In almost all evaluations, the models trained with RetroMAE scored higher than models not trained with RetroMAE. The best model, ruri-pt-base retromae(A+B), improved by about 2% compared with bert-base-japanese-v3.

The datasets also show that training on both (A) and (B) generally produced higher scores than training only on (A). This suggests that adding more datasets or training on domain-specific text may further improve performance.

The RetroMAE models trained on (A+B) are published on Hugging Face:

Closing

This article applied RetroMAE, a retrieval-oriented pretraining method, to Japanese BERT models and evaluated its effect. In downstream SPLADE evaluation, models trained with RetroMAE improved over the baseline bert-base-japanese-v3 on almost all retrieval tasks. In particular, the model based on contrastively trained ruri-pt-base and trained on multiple datasets such as Wikipedia, books, and question-answer data achieved an average improvement of about 2%.

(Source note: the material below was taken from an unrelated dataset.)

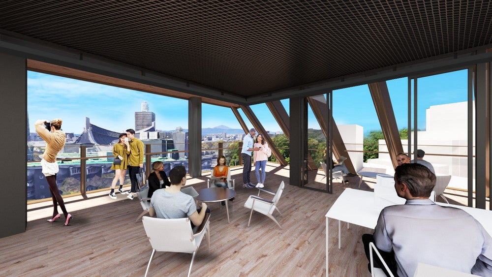 建築デザインはデュアリティ(二面性)をコンセプトに表参道側にはフラッグシップストアを誘致。高層棟の上層には開放的なテラスやルーフトップから明治神宮や代々木公園、表参道のケヤキ並木を望むことができる唯一無二の空間を整備する。

Another advantage of RetroMAE is that it can be trained in an unsupervised way using only text data. This makes it useful for customizing models for specific domains or business tasks. Further improvements may be possible by adding more training data or continuing training on domain-specific text.

The RetroMAE models are published on Hugging Face and can be used. I hope this article helps improve Japanese retrieval task performance.